DATASET EXTRACT:

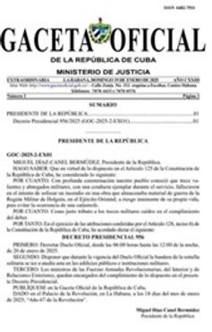 Mediante el Decreto Presidencial 956/2025, Miguel Díaz-Canel Bermúdez estipula que entre las 6:00 am y las 12:00 de la noche de este 20 de enero, la bandera deberá izarse a media asta “como justo tributo a los trece militares caídos en el cumplimiento del deber”.
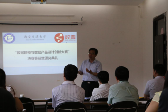 6月17日下午,由必赢唯一官方网站、数尊信息科技(上海)有限公司等联合主办的第一届(2016)“数据建模与数据产品设计创新大赛”决赛暨颁奖典礼在西安交通大学理科楼202成功举办。本次大赛于5月5日正式启动,历时一个多月,从最初的60多支报名参赛队伍中,经过层层筛选最终8支队伍进入决赛。出席本次决赛的有中国科学院院士徐宗本教授、必赢唯一官方网站副院长李继成教授、必赢唯一官方网站统计系梅长林教授、信息学院信息科学系孟德宇教授,电信学院高静怀教授、数尊信息科技(上海)有限公司模型总监陈翀蛟、运营总监屈妍等专家评委,以及进入复赛的各学院本科生、硕士生、博士研究生等参赛人员。现场气氛十分热烈,精彩纷呈。激情盛夏,来一场畅快淋漓的数据汇聚和创新火花碰撞吧!一起拭目以待……
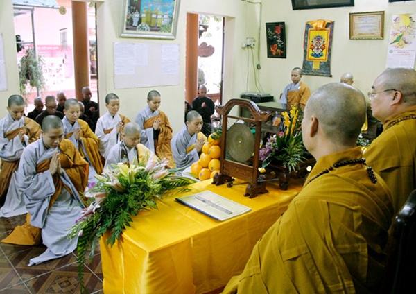 1. Ngôi Hòa Thượng Đường Đầu cung thỉnh Ni trưởng Thích Đàm Kim, Cố vấn Ban Đặc trách Ni giới TW GHPGVN.

REQUIREMENT: Copy each line above precisely, dropping the pictures.

FINAL ANSWER:
 Mediante el Decreto Presidencial 956/2025, Miguel Díaz-Canel Bermúdez estipula que entre las 6:00 am y las 12:00 de la noche de este 20 de enero, la bandera deberá izarse a media asta “como justo tributo a los trece militares caídos en el cumplimiento del deber”.
 6月17日下午,由必赢唯一官方网站、数尊信息科技(上海)有限公司等联合主办的第一届(2016)“数据建模与数据产品设计创新大赛”决赛暨颁奖典礼在西安交通大学理科楼202成功举办。本次大赛于5月5日正式启动,历时一个多月,从最初的60多支报名参赛队伍中,经过层层筛选最终8支队伍进入决赛。出席本次决赛的有中国科学院院士徐宗本教授、必赢唯一官方网站副院长李继成教授、必赢唯一官方网站统计系梅长林教授、信息学院信息科学系孟德宇教授,电信学院高静怀教授、数尊信息科技(上海)有限公司模型总监陈翀蛟、运营总监屈妍等专家评委,以及进入复赛的各学院本科生、硕士生、博士研究生等参赛人员。现场气氛十分热烈,精彩纷呈。激情盛夏,来一场畅快淋漓的数据汇聚和创新火花碰撞吧!一起拭目以待……
 1. Ngôi Hòa Thượng Đường Đầu cung thỉnh Ni trưởng Thích Đàm Kim, Cố vấn Ban Đặc trách Ni giới TW GHPGVN.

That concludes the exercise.